Russia has had a long history of doping offenses at the Olympic Games. The twenty aughts and teens have seen positive test after positive test coupled with allegation after allegation. But it wasn’t until a couple of bombshell confessions from within the state-sponsored doping program itself that the whole scam was brought to light.

Between 2010 and 2014, Russian Anti-Doping Agency employee Vitaly Stepanov and his wife, Olympic runner Yuliya Stepanova, worked to expose the extensive Russian doping program.

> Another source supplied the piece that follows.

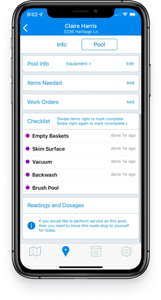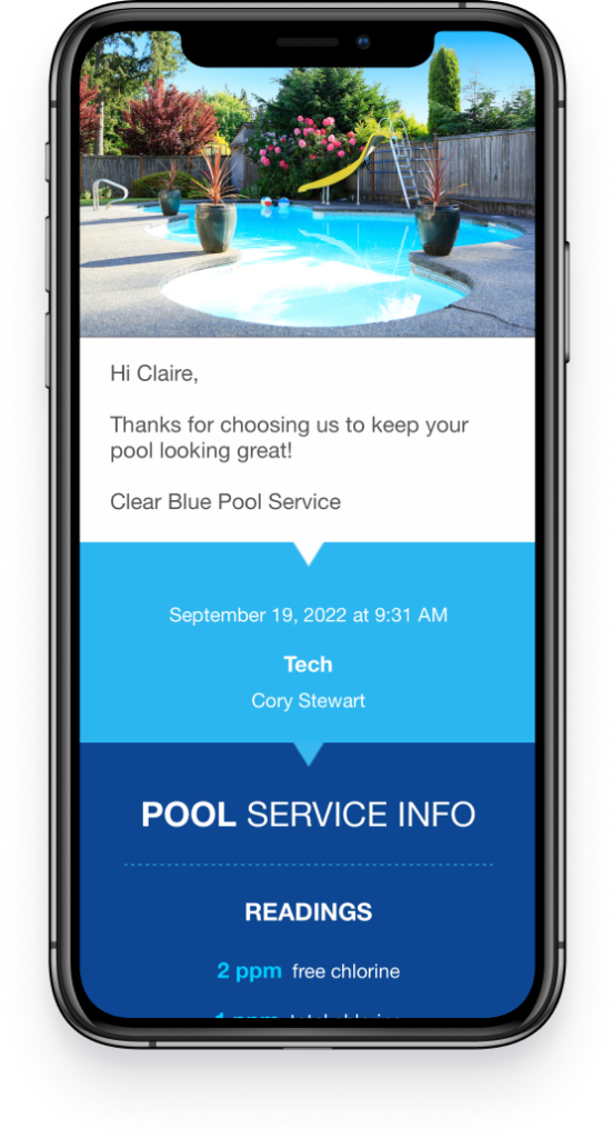Not at all. We do it for you. Every visit is logged in our system and you’ll receive a report with the chemical dosages, treatment notes, and updated pool photos so you’re always in the loop.

Vitaly sent hundreds of communications to the World Anti-Doping Agency and Yuliya secretly recording conversations with athletes about the system. Then in 2016, Grigory Rodchenkov, the former head of the Moscow Anti-Doping Laboratory confirmed the whole story. Forty-three medals have since been stripped from Russian athletes, and the country is banned from competing at the 2020(/2021) games in Tokyo.

1 East German Doping

East Germany only existed between the close of WWII and the fall of the Berlin Wall, a period of about 50 years. Despite its short time as a nation, its relatively small size, and an array of economic, social, and political difficulties, East Germany managed to routinely dominate in many sporting events, most famously in the Olympics games from 1964-1988. This turned out to be due to a state-run, widespread doping program- one that puts even the Russian doping scandal to shame.

All told, East German Olympics teams collected a staggering 203 gold, 192 silver, and 177 bronze medals in their short reign and in 1976 alone, they took 40 gold medals. This seemingly impossible feat, combined with anecdotes from former East German athletes who had escaped the state, made the international community suspicious. But since the country performed its own drug-testing, nothing was ever truly confirmed. Until, that is, after Germany reunified and East German records were made public; the doping ring was controlled at every level of government and its health effects are still being felt by former athletes today.